Neither wives nor widows nor women who go out on the street may have their heads uncovered. The daughters of noblemen…must cover themselves, whether it is with a shawl, a robe, or a mantle…When they go out on the street alone, they must cover themselves. A concubine who goes out on the street with her mistress must cover herself. A sacred prostitute married to a man must cover herself on the street, but one whom a man did not marry must have her head uncovered on the street; she must not veil herself. A harlot must not veil herself; her head must be uncovered. Harlots and maidservants who cover themselves shall have their garments seized, they shall be beaten with fifty blows, and shall have bitumen poured over their heads.

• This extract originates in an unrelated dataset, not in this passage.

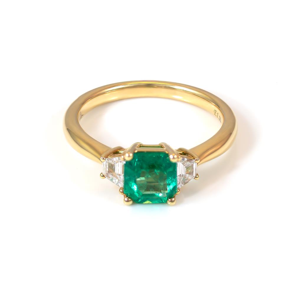 Davis Luxe 18k Yellow Gold Emerald and Diamond Three-Stone Ring
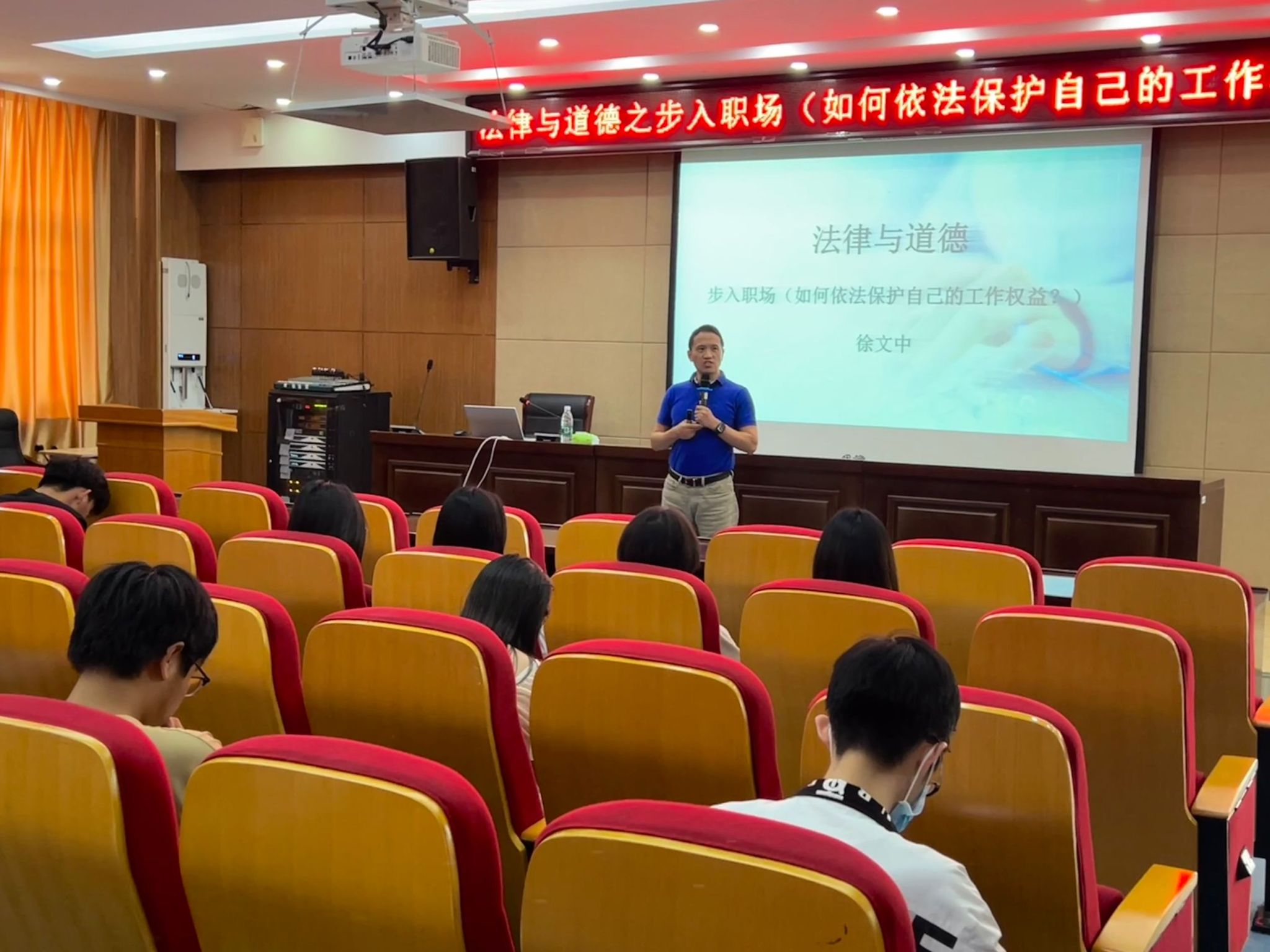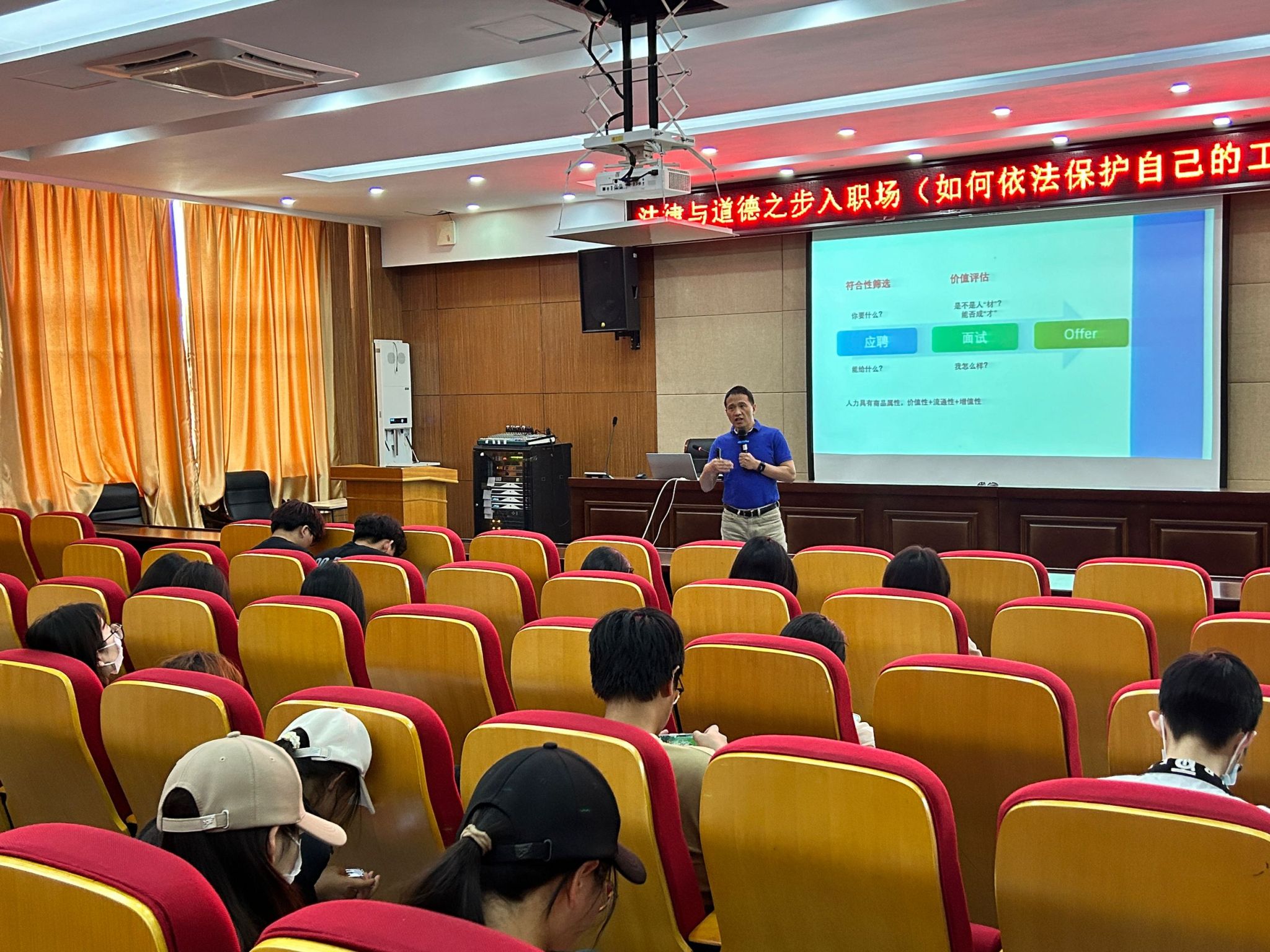 2024年5月29日,管理学院在南阶205教室开展大师进校园活动。新葡的京官网荣幸地邀请到天津财经大学EMBA管理学硕士徐文中老师,为同学们带来“法律与道德之步入职场”的讲座。在讲座中,徐文中大师深入浅出地讲解了劳动法、合同法、知识产权法等职场中常用的法律知识。同时,用生动有趣的案例,以及详实的案例分析,帮助我们的同学们理解了法律与道德在职场中的关系,以及如何运用法律和道德来保护自己的权益和声誉。

A slave-girl who had the temerity to veil herself would have her clothing taken from her and her ears cut off. Moreover, witnesses to any transgression of these rules must take action to report it, on pain of prosecution themselves:
He who has seen a harlot veiled must arrest her, produce witnesses and bring her to the palace tribunal; they shall not take her jewellery away, but the one who arrested her may take her clothing; they shall flog her fifty times with staves and pour bitumen over her head.
Not even upper-class men were immune from punishment if found guilty of dereliction of their civic duty:
If a gentleman has seen a harlot veiled and has let her go without bringing her to the palace tribunal, they shall flog that gentleman fifty times with staves; they shall pierce his ears, thread them with a cord, and tie it at his back. He shall do work for the king for one full month.
It must be said that the most fervent Wahhabi or severest Afghan Talib would probably have felt that the Middle Assyrian Laws went rather far in repressing women. The Palace Decrees went even further. Their subject was the royal women, their purpose circumscribing and limiting every activity of those who resided in the palace women’s wing, as well as those who came into contact with them. This was the prototype for what we now know as a harem. Think of the women’s quarters of the Ottoman Topkapı, ‘Cannon Gate’, palace in Istanbul, with its narrow twisting passageways, its secret doorways and grilled windows, its hidden courtyards and secluded chambers.
The Assyrian royal court’s female apartments, in which the kings’ wives and concubines spent their entire lives, were kept firmly locked at all times, to keep men out and women in. It was strictly forbidden for anyone to enter the women’s area without the express permission of the palace commander. Going into any part of the palace from which the women could be observed, such as out on to a roof, was a serious crime. The restrictions even applied to the palace eunuchs, of whom there were apparently many.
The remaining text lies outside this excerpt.